If you're actually breaking barriers, you don't get full backing of the Hollywood hype machine. The suits aren't going to want to support you because you're trying something new and dangerous. In that sense, Gina Carano's actions are more cutting edge than any of the management approved controversy being drummed up, and they fired her and blacklisted her.
This concept of "Safe edgy" is interesting to think about, but it isn't new. TV in the 90s was filled with TV shows or advertisements pretending they were pushing the edge when in reality they were doing exactly what the execs wanted them to be doing. Once you know what you're looking at (Don't you DARE spell "Extreme" with an E at the beginning because we're XTREME here! "No way!" WAAAAAYYYY!) the verisimilitude (appearance of being real) breaks down and you realize you're looking at a square pretending to be edgy and cool. And to be clear on something, there was a lot of fake edgy back then, but there was also a lot of real edgy and those guys were constantly one quip from having their show canceled by the networks. A lot of them didn't make it, but they left behind great works.
The veneer of fake edgy hid milquetoast products back in the day, and often you'd get your XTREME LEMONADE and find that it was competent lemonade, not great but not horrible, just boring. I think part of the problem today is that fake edgy often is a mask over a mask; You're obviously being fake and so under that mask is something, but the boring underneath the fake edgy mask is the actual mask over what is often the absolutely horrible people inhabiting Hollywood and other media industries.
But we found that in the following decades that a lot of our heroes in Media were terrible.
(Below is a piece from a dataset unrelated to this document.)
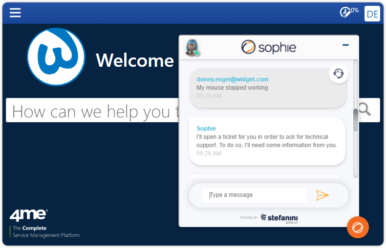 PALO ALTO, Calif., Jan. 17, 2022 (GLOBE NEWSWIRE) -- A standard 4me integration with Stefanini's Sophie is now available from the 4me App Store. Sophie is a virtual agent with natural language capabilities for human-like user support. She provides 24/7 first-level support. Sophie can help end users navigate through voice interaction, open and consult tickets, look for relevant articles, or transfer them to human support agents. She is the latest addition to the rapidly growing 4me App Store.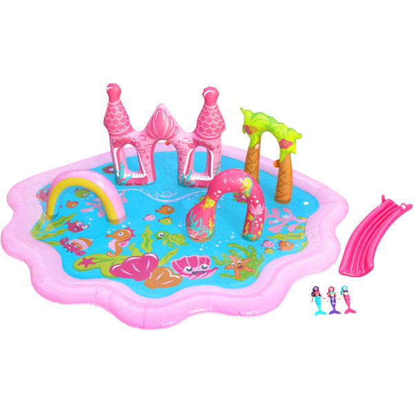Käy merenneitolinnassa, leiki laguunissa, liu'u alas liukumäkeä tai tanssi sateenkaaren alla. Täällä odottavat aina uudet seikkailut - täydellinen yhdistelmä luovaa leikkiä, vettä ja auringonpaistetta. Paketti sisältää 3 merenneitonukkea (13 cm) sekä suuren leikkimaton, jonka koko on 160 × 137 × 51 cm. Puhalla eri osat täyteen ilmaa, kiinnitä liukumäki mattoon mukana tulevilla teippiliuskoilla ja liitä puutarhaletku maton reunaan. Kun avaat vesihanan, vettä suihkuaa sivuilta ja koko leikkialue pysyy ihanasti märkänä.

You'd have some actress up on the big stage and she would make a point to heartfeltedly thank Harvey Weinstein who that actress probably needed to do something unspeakable to in order to get the part, right before they paid lip service to whatever social cause is trendy this week. We didn't know, but they did and they were complicit. And anyone who thinks that that was an isolated incident and that everything is fine now is in denial. For all the "we just love women and minorities!", it's a paper thin facade intended to cover up the window through which you can see Jeffrey Epsteins private island.
I know, that's a lot to think about from just a bunch of idiotic hollywood actors pretending they're saving the world by selling you a shitty movie, but it isn't like I'm interested in the movies themselves anymore.